I've been trying to filter my Python data with Pandas & Numpy. There seems to be a difference between the 'where' clause in Pandas (pd) vs. Numpy (np). Both np and pd dataframes have the 'where' clause. The np 'where' makes sense, but the pd 'where' doesn't (to me).
#[In]#
np.random.seed(1000) ; rv = DataFrame(np.random.randn(1000,2))
rv[:10]
#[Out]#
# 0 1
# 0 -0.804458 0.320932
# 1 -0.025483 0.644324
# 2 -0.300797 0.389475
# 3 -0.107437 -0.479983
# 4 0.595036 -0.464668
But, when try to assign rv2 based off the value of a pd 'where' clause I get:
rv2 = rv.where(rv>=0,1,-1)
type(rv2)
# NoneType
rv[:10]
# 0 1
# 0 1.000000 0.320932
# 1 1.000000 0.644324
# 2 1.000000 0.389475
# 3 1.000000 1.000000
# 4 0.595036 1.000000
So rv2 is NoneType and rv has actually changed values.
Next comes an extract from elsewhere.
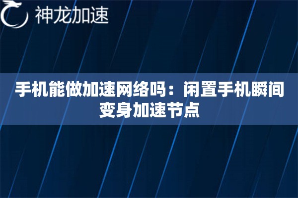 闲置手机变加速节点?这波操作真的不亏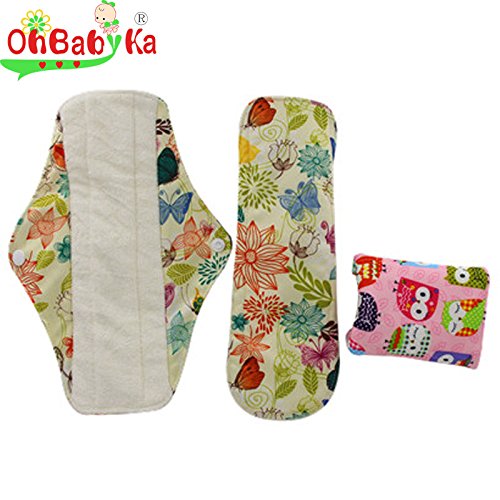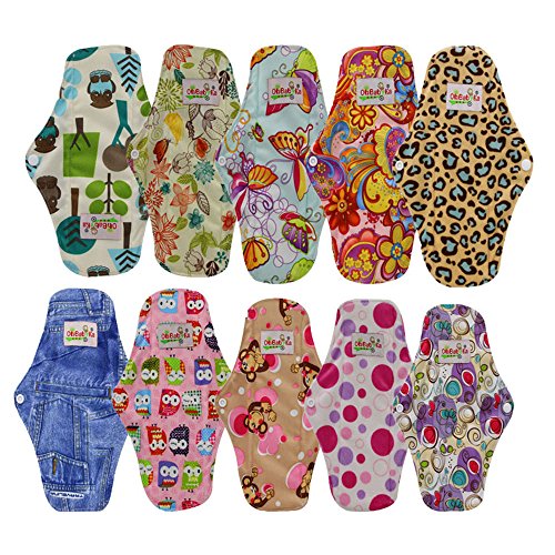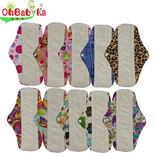 OHBABYKA Bamboo Reusable Sanitary Napkins Pads/Cloth Menstrual Pads for Women,a Mini Bag, Size M (Multi-colored,10pcs)

It's even unclear to me how rv ends up with its new values as they don't conform to where clause, as far as I can see.
However, if I use the np where clause instead of the dataframe 'where' clause, things work as expected (except I get a np array instead of a dataframe):
#[In]#
np.random.seed(1000) ; rv = DataFrame(np.random.randn(1000,2))
xy = np.where(rv>=0,1,-1)
xy[:5]
#[Out]#
# array([[-1, 1],
# [-1, 1],
# [-1, 1],
# [-1, -1],
# [ 1, -1],
The documentation http://pandas.pydata.org/pandas-docs/stable/generated/pandas.DataFrame.where.html#pandas.DataFrame.where states that the 'where' should return an object, not do an in-place change. However, the rv variable was changed in-place.
Can anyone tell me what is the difference between the two and how I am supposed to use the pd dataframe 'where'?